Appellate Judges Skewer Texas Abortion Limits

     NEW ORLEANS (CN) – The 5th Circuit on Wednesday heard arguments on whether a Texas law that requires stricter building codes and hospital admitting privileges for abortion clinics imposes an “undue burden” on women.
     The law, Texas HB2, requires facilities that provide abortions to meet ambulatory surgical center requirements, including hospital-style equipment and wider hallways – improvements that opponents say could cost clinics millions.
     During oral argument Wednesday, Judge Catharina Haynes questioned the importance of the state’s requirements.
     For instance, Haynes asked, why does the state specify a clinic must be 7,000 square feet?
     “Why can’t you have a sterile environment in a 3,000-foot” clinic? Haynes asked.
     Texas Solicitor General Jonathan Mitchell said the requirement will improve safety.
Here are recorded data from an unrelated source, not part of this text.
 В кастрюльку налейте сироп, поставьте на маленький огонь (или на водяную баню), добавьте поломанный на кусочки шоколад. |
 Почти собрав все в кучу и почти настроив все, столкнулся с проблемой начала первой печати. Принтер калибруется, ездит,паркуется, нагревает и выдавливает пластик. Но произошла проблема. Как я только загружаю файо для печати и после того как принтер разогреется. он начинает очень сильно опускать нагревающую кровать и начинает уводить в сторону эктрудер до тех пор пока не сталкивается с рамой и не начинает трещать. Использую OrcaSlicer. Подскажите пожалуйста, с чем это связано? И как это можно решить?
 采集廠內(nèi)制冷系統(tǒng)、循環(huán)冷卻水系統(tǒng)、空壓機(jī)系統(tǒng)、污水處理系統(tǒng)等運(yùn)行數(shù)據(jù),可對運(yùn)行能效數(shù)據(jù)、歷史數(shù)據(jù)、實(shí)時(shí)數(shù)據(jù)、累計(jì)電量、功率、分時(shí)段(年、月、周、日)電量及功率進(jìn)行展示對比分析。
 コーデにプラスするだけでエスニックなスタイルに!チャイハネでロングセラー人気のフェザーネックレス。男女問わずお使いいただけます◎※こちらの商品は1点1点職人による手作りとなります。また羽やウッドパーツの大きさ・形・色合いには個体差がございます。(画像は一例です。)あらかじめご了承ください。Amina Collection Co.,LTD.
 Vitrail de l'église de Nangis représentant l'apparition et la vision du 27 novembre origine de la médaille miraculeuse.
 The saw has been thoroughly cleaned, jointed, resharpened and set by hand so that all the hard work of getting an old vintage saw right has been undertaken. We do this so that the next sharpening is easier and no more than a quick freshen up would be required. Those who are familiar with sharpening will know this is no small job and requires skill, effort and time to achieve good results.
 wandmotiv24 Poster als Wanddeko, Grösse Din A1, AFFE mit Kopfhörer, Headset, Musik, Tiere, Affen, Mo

     Haynes was skeptical.
     “The effect has been, at least in West Texas, that there are effectively” no remaining abortion clinics, Haynes said.
     Later, during rebuttal, Haynes addressed the state’s intent again, when she asked whether Texas thought the stringent requirements would be good for citizens, but as the requirements were put into effect they turned out to not be so useful.
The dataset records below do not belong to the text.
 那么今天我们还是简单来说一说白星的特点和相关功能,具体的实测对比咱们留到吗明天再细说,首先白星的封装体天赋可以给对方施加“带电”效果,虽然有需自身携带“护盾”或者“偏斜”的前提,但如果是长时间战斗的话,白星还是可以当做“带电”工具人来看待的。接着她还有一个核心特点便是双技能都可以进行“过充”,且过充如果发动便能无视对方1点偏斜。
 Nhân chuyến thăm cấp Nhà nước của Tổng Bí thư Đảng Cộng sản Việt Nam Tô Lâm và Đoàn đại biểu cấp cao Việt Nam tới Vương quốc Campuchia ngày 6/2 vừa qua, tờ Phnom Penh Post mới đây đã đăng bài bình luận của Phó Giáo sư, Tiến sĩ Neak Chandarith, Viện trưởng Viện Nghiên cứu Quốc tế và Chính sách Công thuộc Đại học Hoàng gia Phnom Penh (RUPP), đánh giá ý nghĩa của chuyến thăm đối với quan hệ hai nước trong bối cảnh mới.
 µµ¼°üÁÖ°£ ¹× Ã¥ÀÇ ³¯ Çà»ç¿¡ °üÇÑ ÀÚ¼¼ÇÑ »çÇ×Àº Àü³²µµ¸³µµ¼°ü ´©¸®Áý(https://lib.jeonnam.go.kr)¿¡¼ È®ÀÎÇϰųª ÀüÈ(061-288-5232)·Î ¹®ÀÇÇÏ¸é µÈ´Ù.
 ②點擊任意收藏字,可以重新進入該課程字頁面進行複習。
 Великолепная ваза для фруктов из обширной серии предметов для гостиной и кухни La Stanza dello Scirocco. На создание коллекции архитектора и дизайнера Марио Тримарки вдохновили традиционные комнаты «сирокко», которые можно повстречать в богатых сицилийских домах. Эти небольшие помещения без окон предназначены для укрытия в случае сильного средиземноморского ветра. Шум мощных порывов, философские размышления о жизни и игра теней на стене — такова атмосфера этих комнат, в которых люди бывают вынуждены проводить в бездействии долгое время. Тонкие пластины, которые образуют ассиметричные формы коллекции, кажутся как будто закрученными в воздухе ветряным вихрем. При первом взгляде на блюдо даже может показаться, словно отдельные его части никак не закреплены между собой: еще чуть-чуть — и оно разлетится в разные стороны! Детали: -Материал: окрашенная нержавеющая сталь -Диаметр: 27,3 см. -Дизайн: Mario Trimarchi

     Another new requirement, which was touched on during oral argument but was not subject for debate Wednesday, is a mandate that abortion providers have admitting privileges to a hospital within 30 miles of the clinic.
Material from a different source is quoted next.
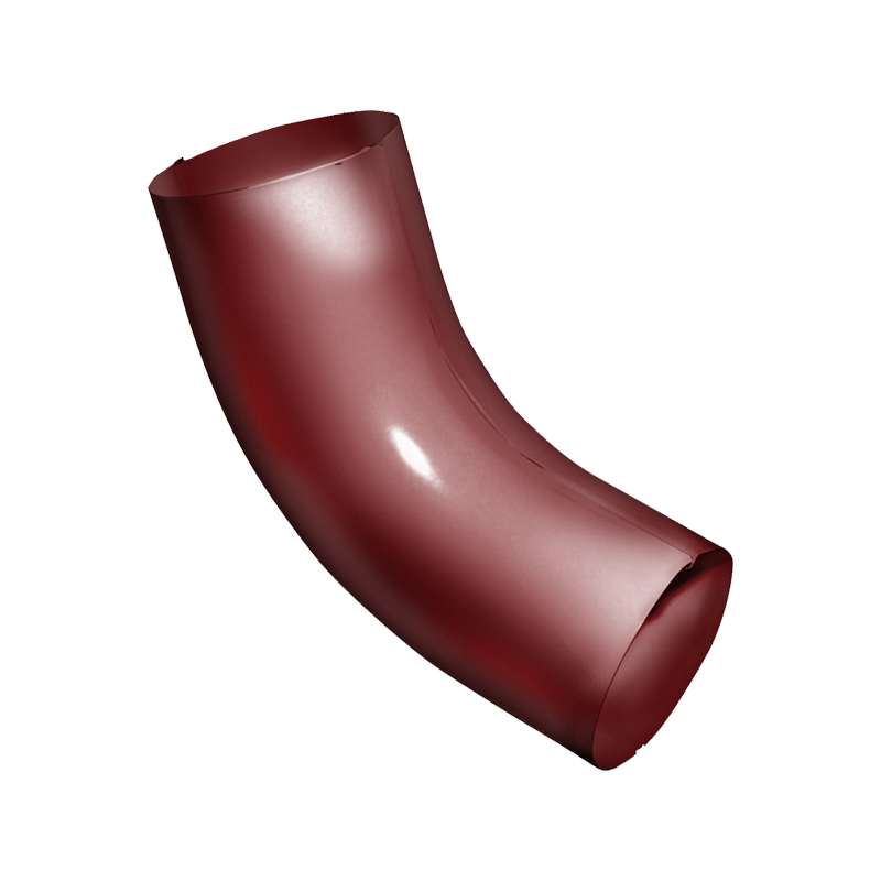 Колено трубы D90 мм 60° коричнево-красное RAL3011 с покрытием Granite Double от Гранд Лайн. Элемент водосточной системы, применяется для отведения водосточной трубы от выпускной воронки, расположенной у края ската кровли, к стене, а также от выступающих элементов фасада.

     Before the two laws – building codes and hospital admitting privileges – were introduced, Texas had roughly 40 abortion clinics.
     If the state’s surgical requirement goes into effect, only about eight clinics will remain open.
     As a result, women in some parts of the state will have to drive hundreds of miles to have an abortion in Texas.
     Haynes and Judge Jennifer Elrod wondered whether long trips to abortion clinics would help or hurt women’s health.
     Haynes said she could see that while Texas claims the new requirements are good for women and that any problems may be down the road, maybe “down the road” is literally where a problem could lie – “where a woman is literally driving down the road, in the middle of nowhere in West Texas, when she starts bleeding profusely [from a botched abortion].”
     “We all know how desolate West Texas is,” Haynes said, “not a gas station sometimes for miles.”
     Doesn’t driving along bleeding for miles “pose a threat to women’s health?” Haynes asked.
     Mitchell, on behalf of Texas, said that women from El Paso are not driving hundreds of miles to get an abortion at the closest Texas clinic; they are simply crossing the border and having abortions in New Mexico.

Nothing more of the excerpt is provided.